J’ai supposé qu’il n’existait pas une cause des causes mais uniquement des causes communes. Invariablement, ressurgit dans les réactions l’idée qu’il faut commencer la rénovation politique par tel ou tel endroit en priorité. La constitution pour les uns, la monnaie pour les autres…
Chacun défend son église. Je comprends que nous soyons les uns les autres plus attirés vers un domaine qu’un autre, mais faire de notre attirance un fondement logique à nos actes, et à ceux de la société est sans doute dangereux (et de même nature que le mal que nous voyons par ailleurs si clairement).

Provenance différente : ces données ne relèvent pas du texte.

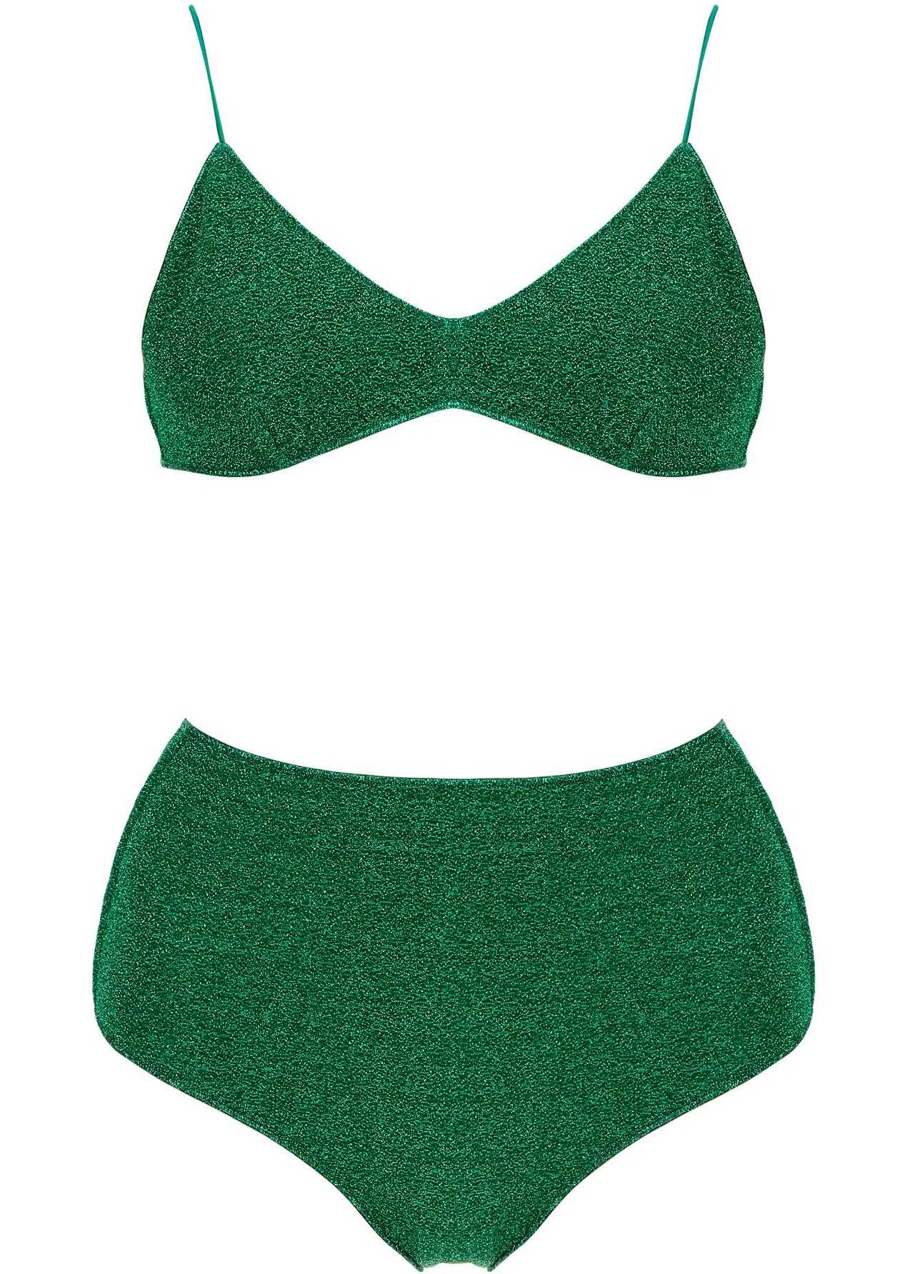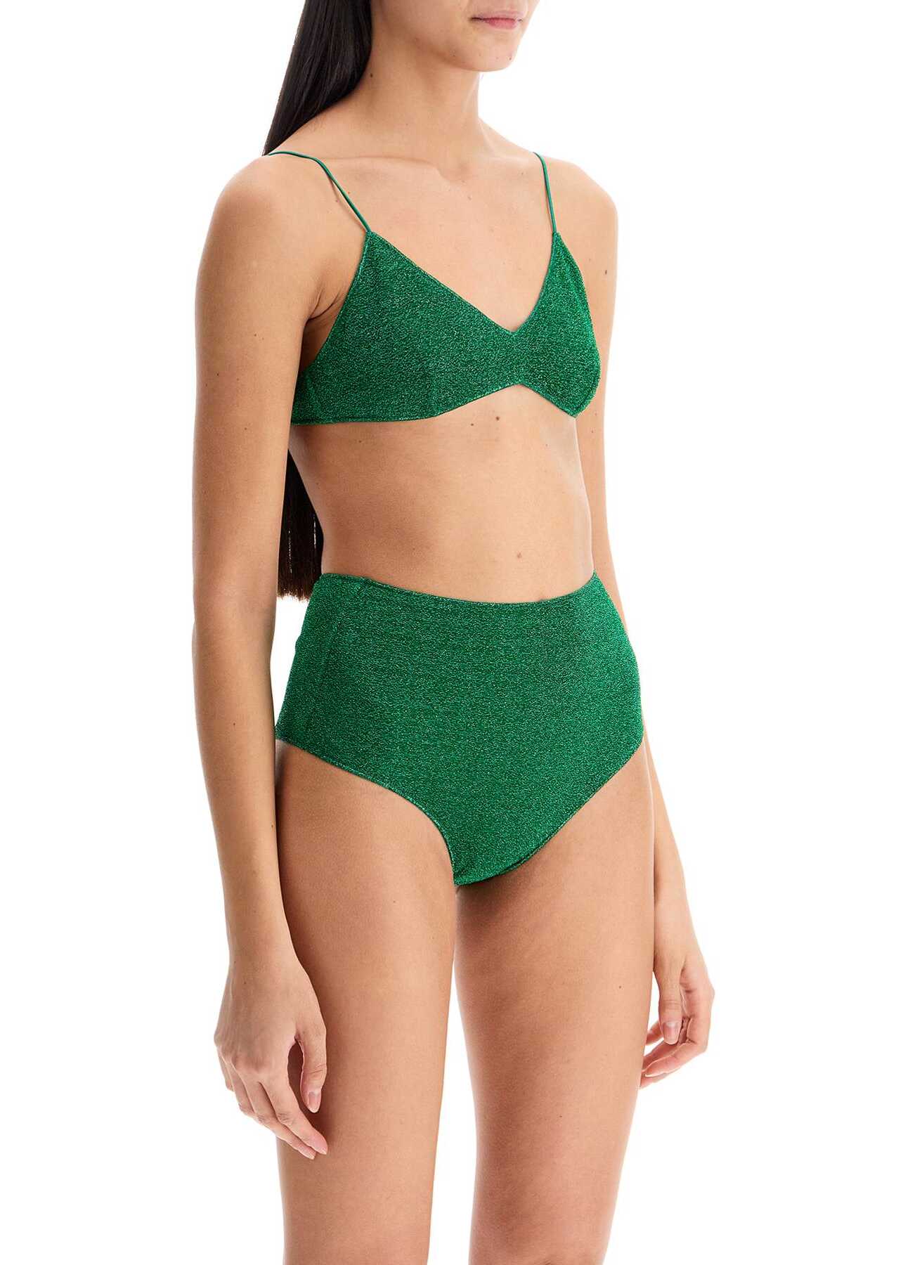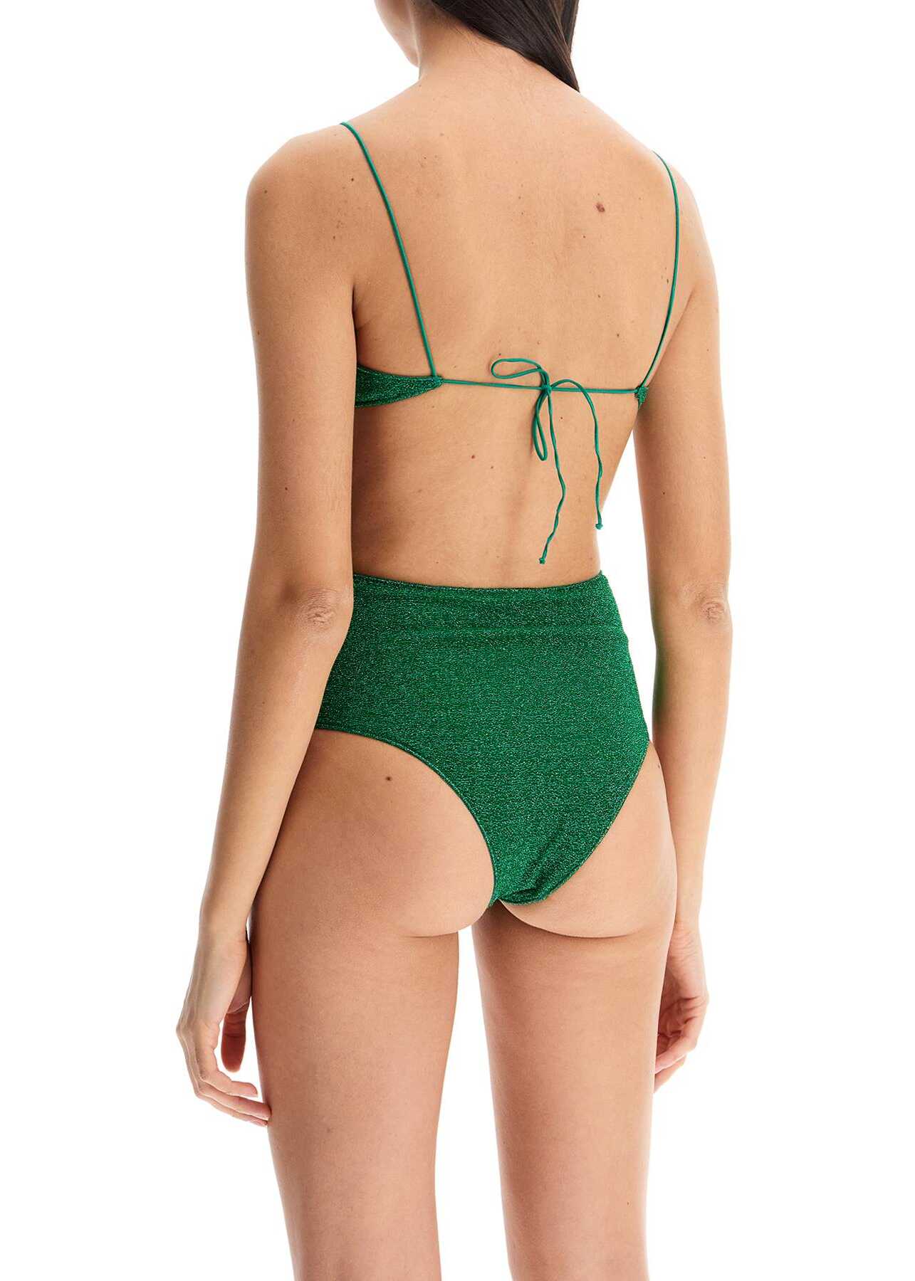 This Osé ree lycra lurex bikini set is composed of a top with thin straps and high-waisted bottoms. The back closure can be adjusted with strings. The model is 177 cm tall and wears size S.

Dans un monde complexe, les causalités se referment sur elles-mêmes. On a des enchaînements circulaires. Maurin dans La méthode trace des boucles de feedbacks pour montrer qu’il n’existe ni début ni fin, uniquement des processus. Pour transformer la société, on peut agir partout. Croire qu’il existe des points de levier exclusif, par engagement idéologique ou étroitesse d’esprit, c’est nier les autres possibilités, en toute probabilité celles qui seront fécondes.
On peut à titre personnel militer pour un angle d’attaque particulier mais on ne doit lui accorder aucune prévalence. C’est l’alliance des causes compatibles qui provoquera un changement durable. Si l’une parmi elles l’emportait, nous devrions immédiatement reprendre le combat. Un point de vue unique nous approche de la dictature idéologique.
Un cas pratique
De nombreux activistes ne jurent que par la refonte de la constitution. C’est le Saint-Graal pour eux. Une condition sine qua non. À mon avis, ils s’enferment dans une boucle stérile.
Postulat. Les hommes de pouvoir ont écrit la constitution. Ils sont aussi pourris qu’elles. Tant qu’on ne changera pas la règle qu’ils ont définie, rien ne bougera.
Présupposé 1. Ce postulat sous-entend que nous n’avons aucun moyen d’action acceptable hors de la constitution.
Déduction 1. Mais alors comment changer la constitution elle-même si elle ne prévoit pas la possibilité pour elle d’évoluer, ou d’être remplacée ? Nous n’avons d’autre recours qu’agir de l’extérieur. Une constitution est nécessairement incomplète. Pour évoluer, elle a toujours recours à ce qui n’est pas encore contenu en elle. La constitution ne peut donc être le seul levier de transformation sociale. Et si elle accepte ce qui lui est extérieur, elle devient processus. Elle n’est plus figée mais provisoire, instable, révisable. Elle n’est plus ce qu’on appelle une constitution.
Présupposé 2. La nouvelle constitution empêchera la gangrène qui ravage l’ancienne.
Déduction 2. Par quel miracle une nouvelle classe de privilégiés n’apparaîtrait pas ? Je crois que des hommes et des femmes finissent toujours par trouver la solution à l’équation de la constitution. Ils en deviennent les apparatchiks. Ils dénichent une faille à cause de l’incomplétude congénitale de la constitution. Ils s’installent à sa frontière. Il me paraît inutile de rêver de la constitution idéale. Toute constitution engendre des déséquilibres.
Conclusion. Je ne dis pas qu’il ne faut pas réviser la constitution, mais il faut être conscient que cette révision en réglant certains problèmes en provoquera d’autres.
C’est un vieux problème en logique résolu par Gödel. On ne peut pas définir une axiomatique sans que, en elle-même, jaillisse des problèmes indécidables. Cette indécidabilité, ce flou juridique, est le terreau sur lequel se construisent les inégalités.
Le combat constitutionnel est important, mais il ne peut être ni le seul, ni celui qui doit être privilégié (pas plus qu’un autre). La rénovation passe nécessairement par le dialogue entre les causes. Seuls, les chevaliers de chacune d’elle n’aboutiront à rien.